Nurses and other health professionals provide care to about 1.6 million nursing home residents in the United States. Many studies have shown that the number of hours provided by registered nurses (RNs) to nursing home residents is related to the quality of care these patients receive. However, a recent study concludes that nursing home characteristics and geographic location are stronger predictors of nursing home care deficiencies than staffing hours and resident characteristics.

The study, which was supported in part by the Agency for Healthcare Research and Quality (HS07574) and led by Charlene Harrington, Ph.D., of the University of California, San Francisco, examined the data reporting system for all U.S. certified nursing homes to identify deficiencies in nursing home care.

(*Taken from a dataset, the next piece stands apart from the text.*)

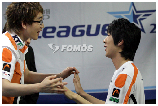 Q. 신인발굴이 부족한 것 아니냐라는 말을 들어왔는데, 이번 리그에는 신예 김윤환 선수의 활약이 눈부시다. 정수영감독 : 김윤환선수의 경우 프로자격증을 따고 팀내 다른 선수들과 꾸준히 연습하면서 실력이 많이 향상된 것 같다. 그중에서 특히 강민선수가 연습을 많이 도와주고 있다. 홍진호 : 신인선수가 잘해주고 있는 것 같다. 팀내에서 주축선수도 꼭 필요하지만 신구조화도 필요하다. 적절한 신구조화가 팀 전체에게도 좋은 일이다. 김정민 : 윤환이 같은 경우 프로리그에서의 경험이 큰 힘이 되는 것 같다. 신인선수들의 경우 프로리그등의 무대를 통해 방송경기에 적응해 나가는 것이 중요하다고 생각한다. ′KTF 매직엔스, 더 이상의 실수는 없다.(2 |

Deficiencies are issued to nursing homes by State licensing and certification surveyors for different types of care problems. The researchers studied the association of care deficiency types with facility staffing hours per resident day, resident characteristics, facility characteristics, and State. They found that fewer RN hours and nursing assistant hours were associated with total deficiencies and quality of care deficiencies. Fewer nursing assistant staff and other care staff hours were associated with quality of life deficiencies. Fewer administrative staff hours were associated with other deficiencies, including administrative deficiencies. However, staffing hours alone predicted less than 1 percent of the total variance in deficiencies.

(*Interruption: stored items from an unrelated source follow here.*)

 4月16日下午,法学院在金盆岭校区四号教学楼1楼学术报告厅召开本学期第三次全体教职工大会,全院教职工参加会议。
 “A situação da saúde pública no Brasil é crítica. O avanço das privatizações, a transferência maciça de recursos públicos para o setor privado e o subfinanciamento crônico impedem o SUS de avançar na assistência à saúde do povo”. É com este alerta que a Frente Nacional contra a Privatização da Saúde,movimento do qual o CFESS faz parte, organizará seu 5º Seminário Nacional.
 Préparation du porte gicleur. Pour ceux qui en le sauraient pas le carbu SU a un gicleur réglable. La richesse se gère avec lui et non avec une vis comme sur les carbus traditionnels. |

Together, staffing and resident characteristics only explained 3 percent of the variance in nursing home deficiencies. When facility characteristics and region were added to the model, the proportion of variance explained increased to 21 percent. For instance, facilities that were smaller and nonprofit or government-owned had fewer deficiencies. Facilities with a higher percentage of Medicaid residents had more deficiencies. Because these factors could explain only a small proportion of the variance in nursing home care deficiencies, the researchers call for more research on the topic.

See "Nursing home staffing and its relationship to deficiencies," by Dr. Harrington, David Zimmerman, Ph.D., Sarita L. Karon, Ph.D., and others, in the September 2000 Journal of Gerontology: Social Sciences 55(5), pp. S278-S287.